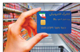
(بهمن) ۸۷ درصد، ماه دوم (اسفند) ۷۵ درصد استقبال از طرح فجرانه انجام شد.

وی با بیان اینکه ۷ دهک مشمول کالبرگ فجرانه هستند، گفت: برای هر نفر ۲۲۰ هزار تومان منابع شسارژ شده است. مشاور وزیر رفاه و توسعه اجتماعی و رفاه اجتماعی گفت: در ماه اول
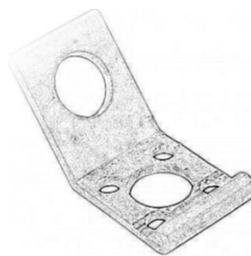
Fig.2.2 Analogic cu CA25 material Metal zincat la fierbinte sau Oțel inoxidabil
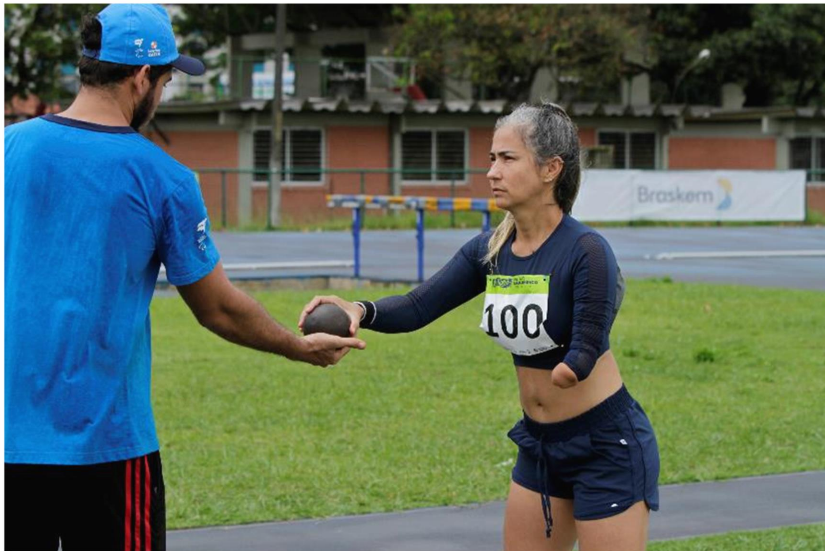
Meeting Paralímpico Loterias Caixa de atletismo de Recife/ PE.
________________________
*What is expected:* What lines in the data hold the word "فجرانه"? Return them.

*Your response:*
(بهمن) ۸۷ درصد، ماه دوم (اسفند) ۷۵ درصد استقبال از طرح فجرانه انجام شد.
وی با بیان اینکه ۷ دهک مشمول کالبرگ فجرانه هستند، گفت: برای هر نفر ۲۲۰ هزار تومان منابع شسارژ شده است. مشاور وزیر رفاه و توسعه اجتماعی و رفاه اجتماعی گفت: در ماه اول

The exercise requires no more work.